Another voice joins chorus warning of caribou crisis

Tuesday, April 04, 2017

Winnipeg Free Press

Another national environmental group is sounding an alarm for the country's caribou.

The Wilderness Committee released a report Tuesday that underscored an urgency to protect the species the environmentalists called "Canada's iconic boreal, woodland caribou."

"There is a caribou crisis unfolding across the nation," Eric Reder, Manitoba's director for the group, said in a statement announcing the report's findings. "Piecing together this report province by province, I was shocked to see how bad it has gotten."

The report found that much of Canada's boreal forest, which caribou depend on, is being parcelled out for industrial development.

It's the second national report to call attention to imperilled caribou herds in recent months.

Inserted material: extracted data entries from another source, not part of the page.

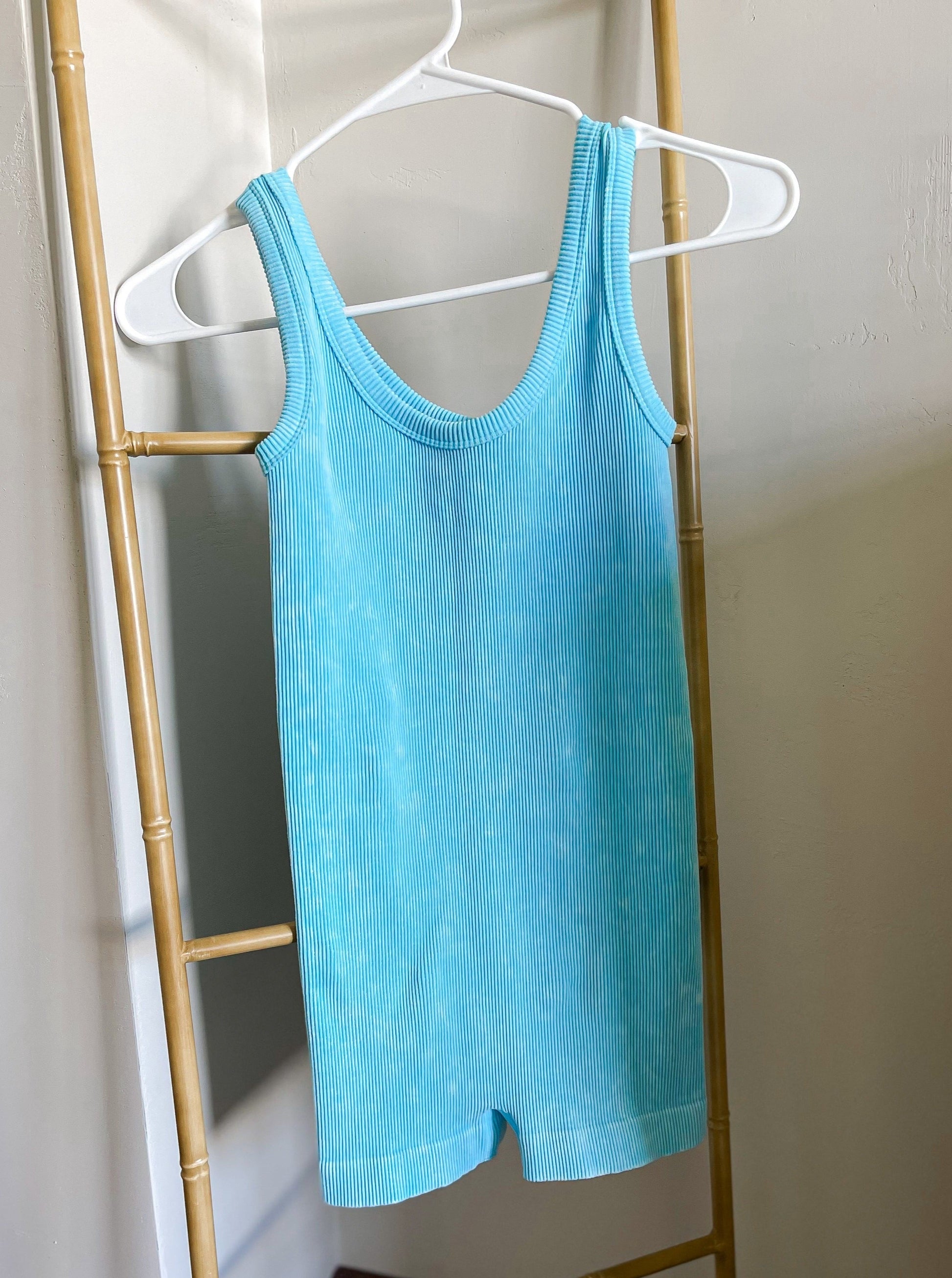 This mineral wash, ribbed, seamless active romper is great for styling under a graphic tee. Wear it as everyday attire or comfortably wear it to the gym. This romper is very stretchy and has a lot of give.
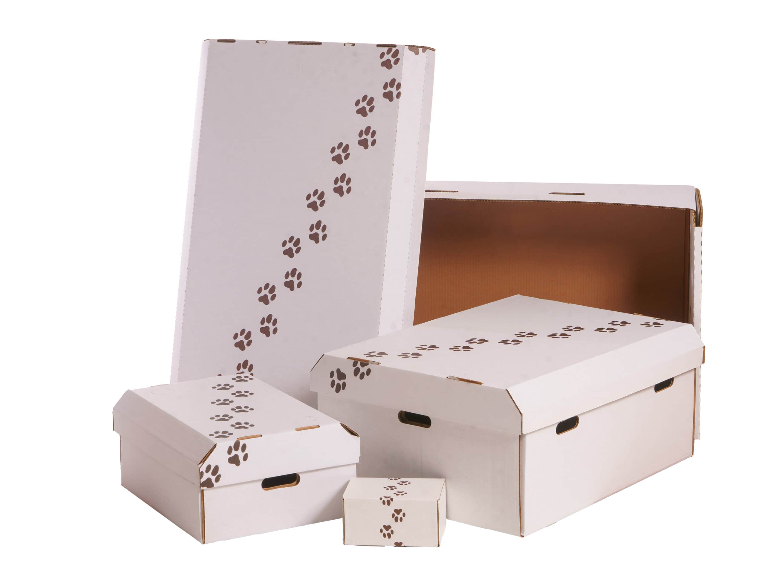 Crafted with care, this compact box offers a solution for transporting injured, sick, or deceased pets. Each box features a supportive piece of cardboard at the bottom to ensure structural integrity. Printed with a paw print design, give your customers a professional looking box to cater to their pet’s needs.
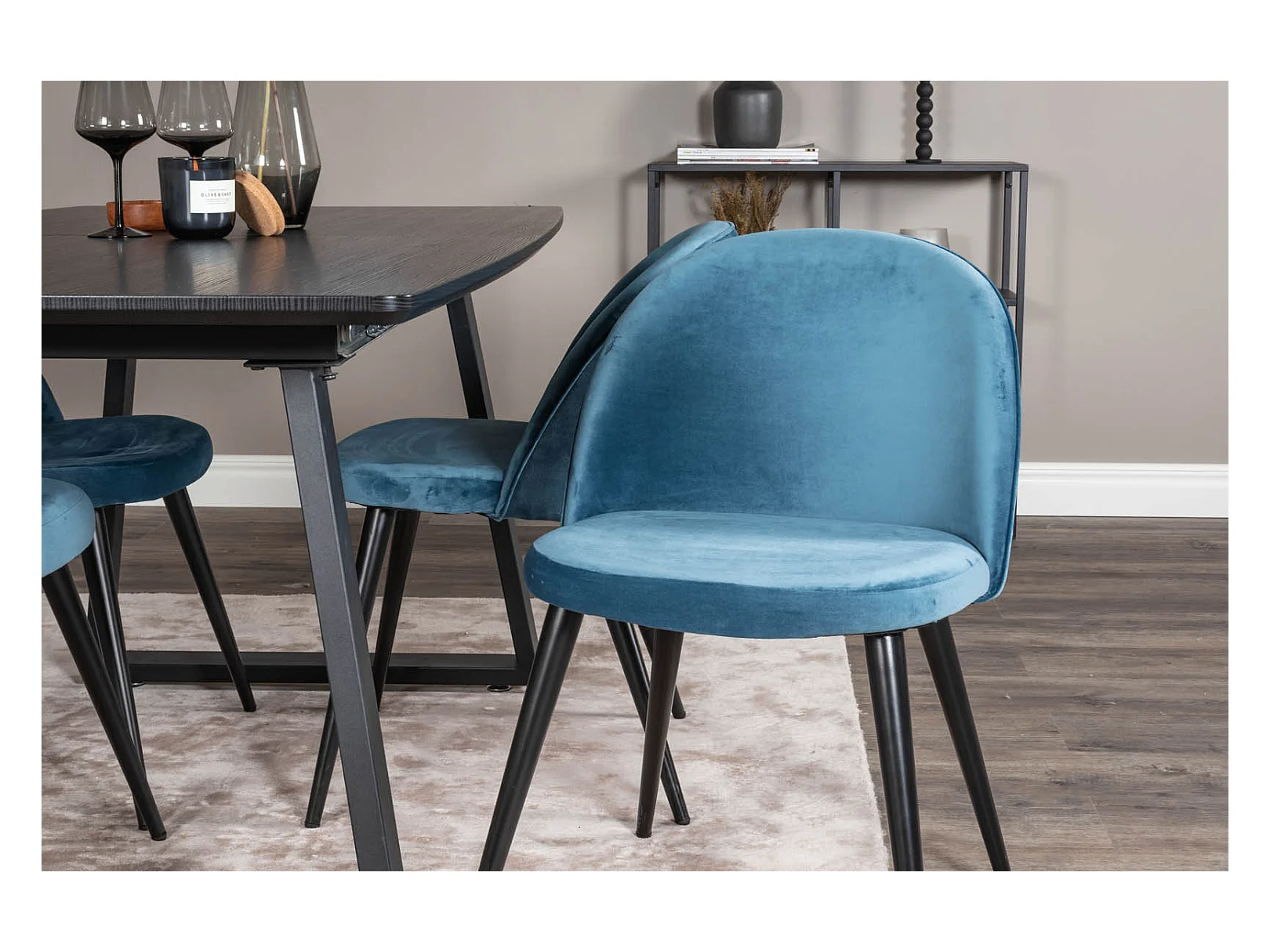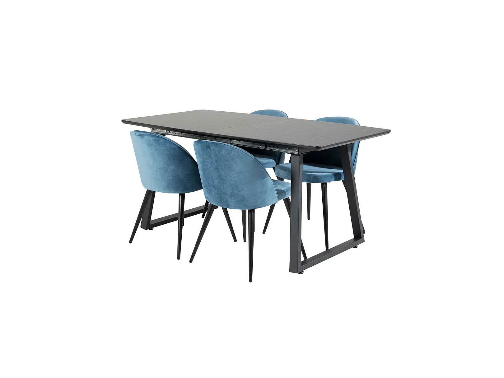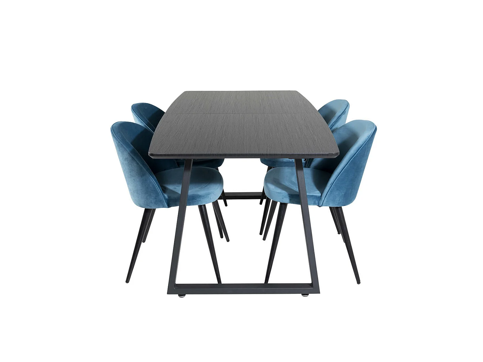 IncaBLBL ensemble table, table extensible longueur cm160 / 200 noir et 4 Velvet chaises Velours bleu, noir.
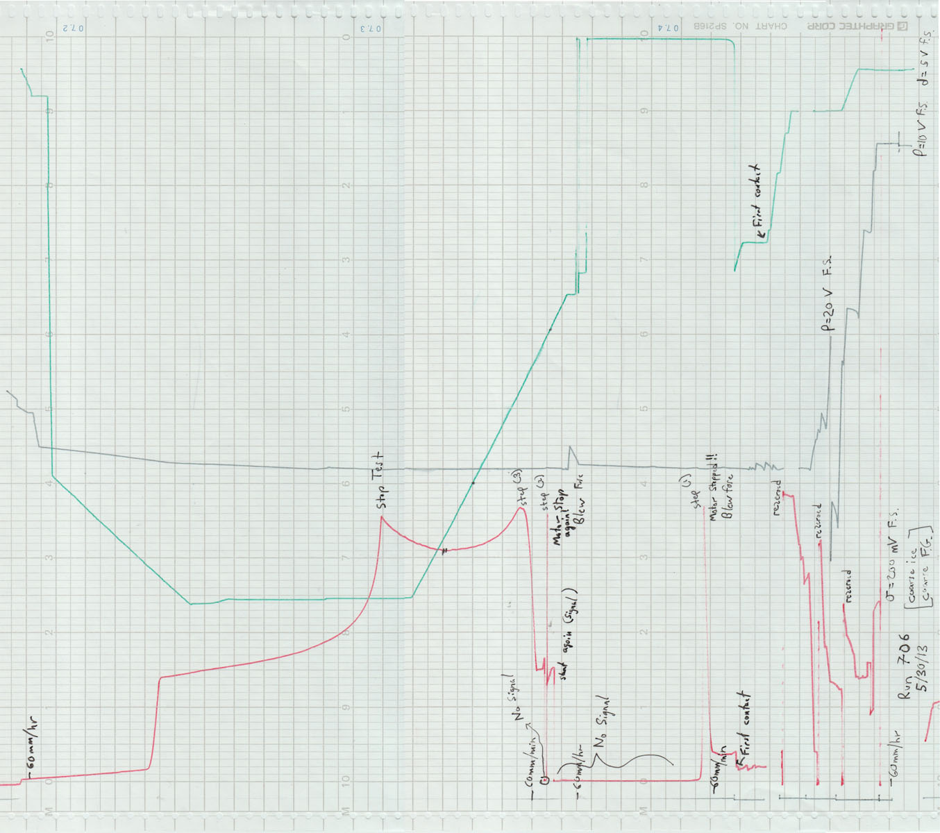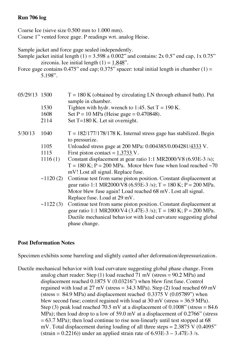 T = 180 K, P = 200 MPa, 1:1 gearing, udot=MR2000/V8; edot = 6.93e-3/s | steps (1), (2) ; blew fuse twice |

The fourth-annual review by the Canadian Parks and Wilderness Society, a national conservation charity that works with government, industry and indigenous peoples to protect lands and water, concluded in December that progress across the country to protect woodland caribou is "spotted."

Woodland caribou — an image of the iconic animal is stamped on Canada's quarter — remain a species at risk across the country with a shaky hold on the future, that report warned.

Then in late February, environmental groups issued a second call on the risks to boreal caribou, ahead of a federal, provincial and territorial meeting of environment ministers in Ottawa.

The statement released through the David Suzuki Foundation warned Canada could lose half its boreal forests within decades at the current pace of logging, oil and gas development and destroy the country's caribou in the process.

Woodland caribou are designated as threatened under federal designation and they are distinct from their more common cousins, barren ground caribou.

All the recent calls have drawn attention to Ottawa's looming deadline to enact measures that would protect boreal caribou and their habitat.

"In 2012, the federal government gave the provinces and territories five years to establish action plans to preserve boreal caribou. This deadline is approaching and we are not seeing enough action," Reder said in Tuesday's statement.

In Manitoba, conservation progress is too slow to meet meet federal timelines here, according to both the report in December and the one released Tuesday.

"This government has said they will not meet the deadline, they have absolutely said 'No' to that. This is something the provinces are going to have to work out with the federal government," Reder said.

Manitoba has said that the province would meet some, but not all, of the federal conditions.